* _Work instructions_
From the line below containing "大人の隠れ家ああばん ああばん #広島グルメ" to the final line, print each line exactly as written. No pictures belong in the copy.

* _Data shown_

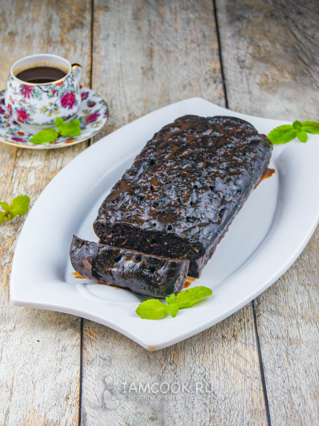 После того как протеиновый брауни впитает в себя всю глазурь, вынимаем его из формы и выкладываем на блюдо.
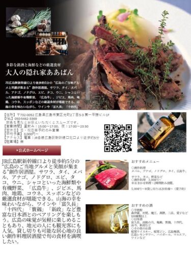 📱 大人の隠れ家ああばん ああばん #広島グルメ #広島ディナー #広島駅グルメ #広島駅近く 広島居酒屋 #広島観光 桜尾ジン SAKURAOGIN 十四代 新政 而今 日本酒好き 広島和牛 コウネ 広島飲み放題 地産地消 広島名物 広島接待 広島隠れ家 広島36周年 https://www.instagram.com/p/DXsizyWGfl5/?igsh=MWw2N3N5NXNyejg3OQ==
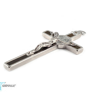 This Saint Benedict Crucifix Wall Cross is made of steel with a silver plated finish. The Saint Benedict Medal and Body of Christ are made from solid brass and plated in a silver finish, and accented with genuine Italian wood inlay on the front.
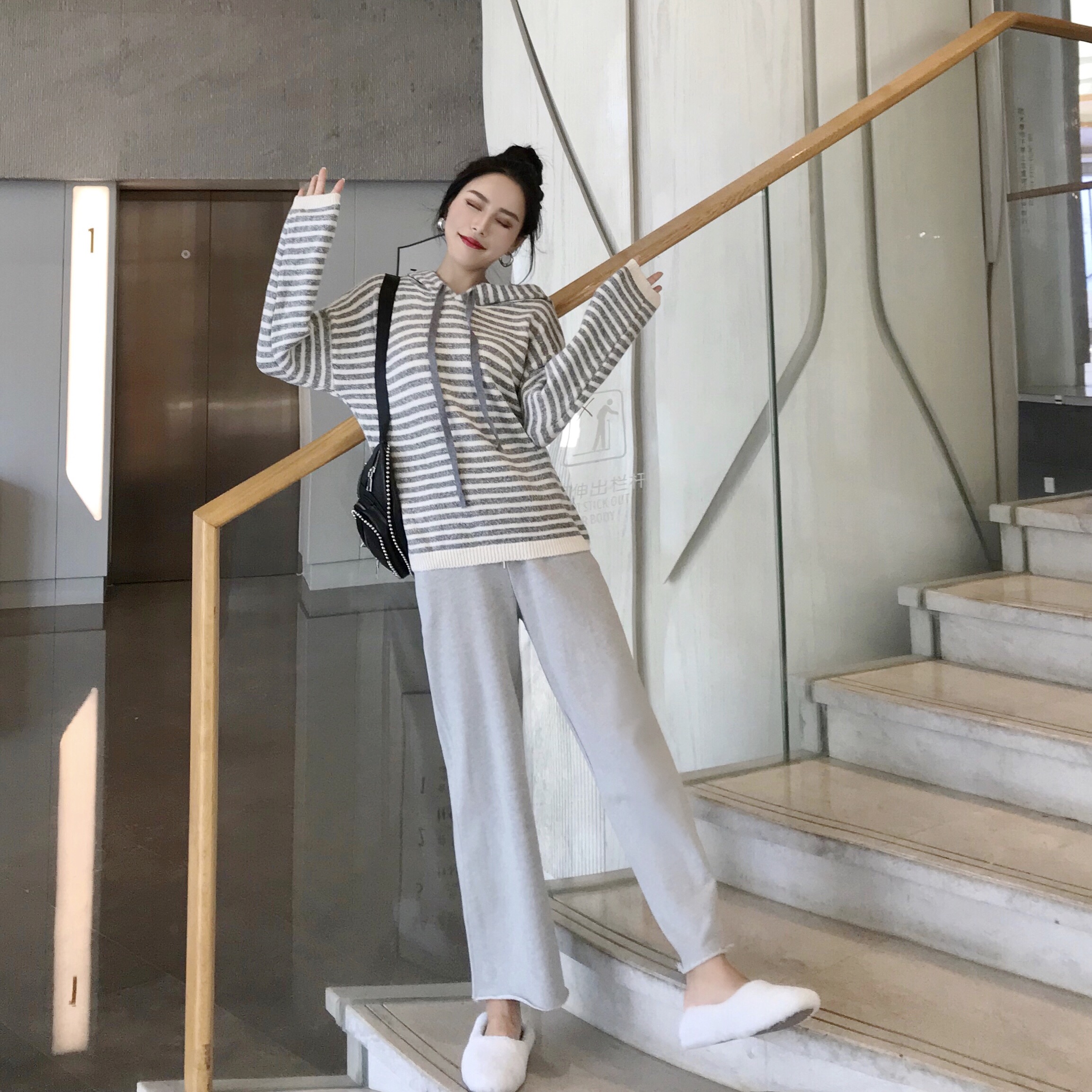 秋裝女2018新款軟糯連帽條紋毛衣女+慵懶風舒適闊腿褲(加厚版)

* _Solution to this task_
 📱 大人の隠れ家ああばん ああばん #広島グルメ #広島ディナー #広島駅グルメ #広島駅近く 広島居酒屋 #広島観光 桜尾ジン SAKURAOGIN 十四代 新政 而今 日本酒好き 広島和牛 コウネ 広島飲み放題 地産地消 広島名物 広島接待 広島隠れ家 広島36周年 https://www.instagram.com/p/DXsizyWGfl5/?igsh=MWw2N3N5NXNyejg3OQ==
 This Saint Benedict Crucifix Wall Cross is made of steel with a silver plated finish. The Saint Benedict Medal and Body of Christ are made from solid brass and plated in a silver finish, and accented with genuine Italian wood inlay on the front.
 秋裝女2018新款軟糯連帽條紋毛衣女+慵懶風舒適闊腿褲(加厚版)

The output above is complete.